Additionally, the logs will also serve as an excellent basis from which to analyze findings and to form the basis for reporting to the client. Logging of remote node network traffic is critical to determine exfiltration methodologies, exfiltration destination addresses and the content of the payload for malware. Logging of the remote node processes and applications simplifies the identification of malware, the mode of infection, identification of attack vectors, and creates the ability to identify, isolate and remediate breaches in a fraction of the time it would take using traditional tools. In the evolving world of hacker methodologies, attacking the common log aggregators and the individual system logging systems is very common. The ability to have a self-contained logging system that is only accessible through your CIRT tool provides a trusted log base that can be used as the basis of investigation.
Ninth, in an enterprise CIRT tool it doesn’t make sense to limit the number of “seats” or concurrent users via a licensing scheme that is non-responsive to the realities of incident response. The reason that you need an enterprise level CIRT tool is because the issue that you are combating is a very BIG problem, often spread globally. While each CIRT will have standard response procedures that will dictate the number of the initial responders, often the true scope of an incident is apparent only after the team is neck deep in in the initial response investigation. Requirements to surge support into ongoing and developing responses are an everyday occurrence. It is critical then to have a CIRT tool that supports the reality of the response environment. Companies that are proactive will have a tool inside of their infrastructure pre-incident that will allow their internal staff to be augmented at a moment’s notice by surge responders or additional resources with no delay due to negotiations with software vendors for more examiner seats. That said, if the tool that you are using employs the concurrent connection methodology schema, it probably can’t handle more responders and additional investigative demands anyway. Today’s environment demands you have a tool that can.
Tenth, it is abundantly clear that our infrastructure budget is under constant downward pressures. Your CIRT tool should be versatile enough to support other functions in the environment than just look for malware.
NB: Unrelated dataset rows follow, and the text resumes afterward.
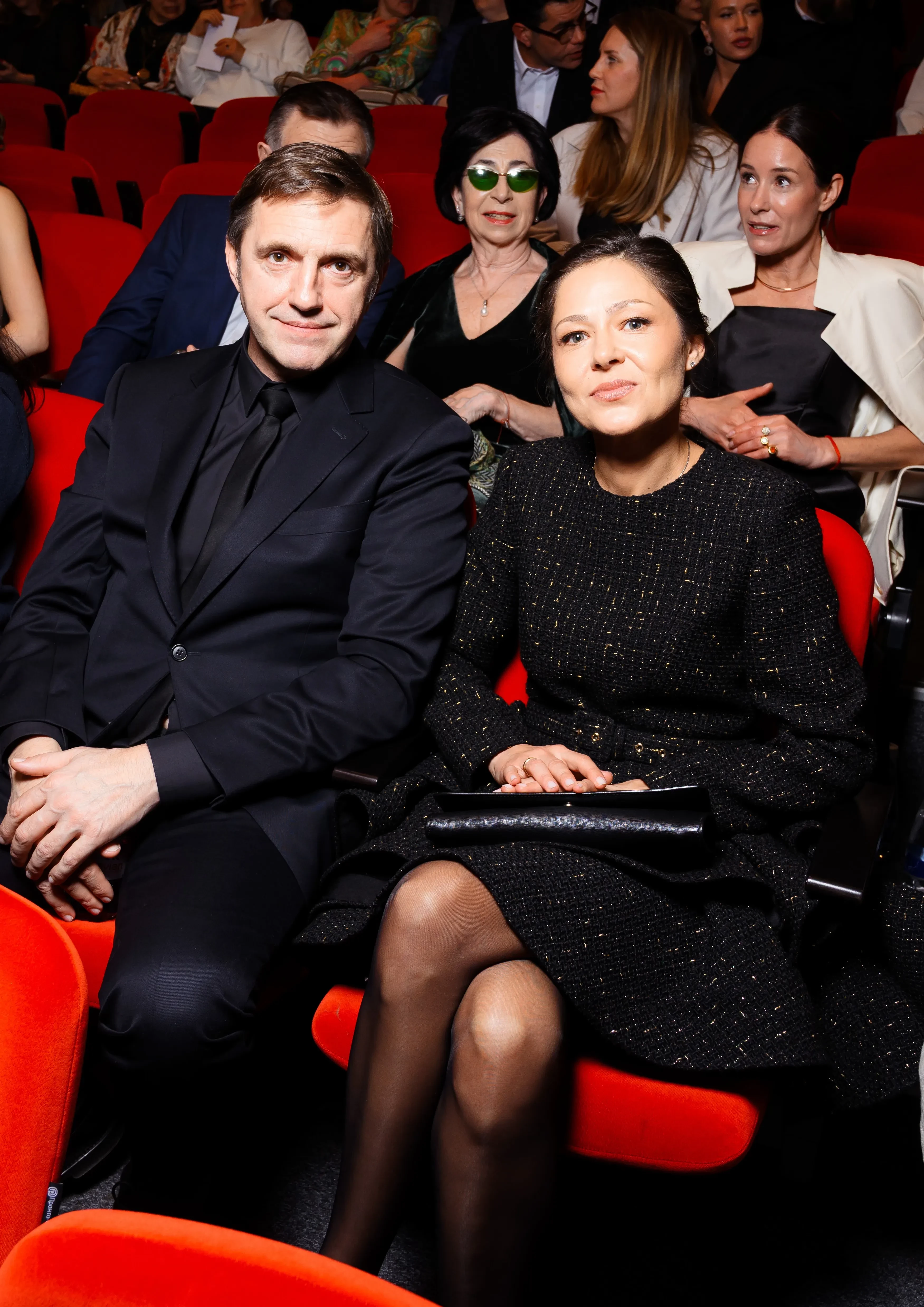 На дорожке Елена позировала в чёрном твидовом платье с расклёшенной юбкой, а Владимир надел образ total black и обнимал супругу перед фотографами.
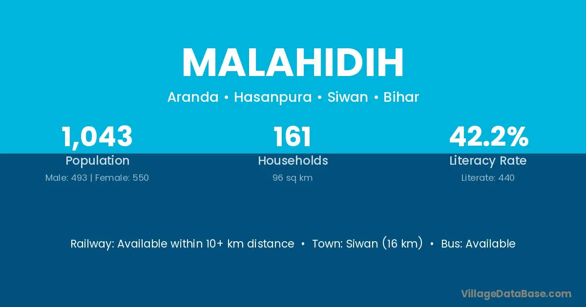 Siwan (16 km) is the nearest town to Malahidih village for major economic activities and is located approximately 16 km away.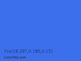 Yxy 18.297,0.185,0.15 Color is a normal blue color and the nearest color is Royal Blue #4169e1. Hex code #3c6feb and RGB value is rgb(60,111,235). In RGB color space, this color is composed of 24% red, 44% green, 92% blue, In CMYK color space, this color is composed of 74% cyan, 53% magenta, 0% yellow , 8% black , In HSL color space, this color has a hue angle of 223° , 81% saturation and 58% lightness.

The capabilities necessary to be a world class CIRT tool also are the capabilities that are required for other needs within a corporate structure.
In many instances, the price for a world-class CIRT tool can more than pay for itself in the savings generated by consolidating tools and functions within the organization. One of our enterprising government clients has turned the purchase of their world class CIRT tool into a revenue generation center with positive cash flows by providing a fee for service function to other departments within their agency.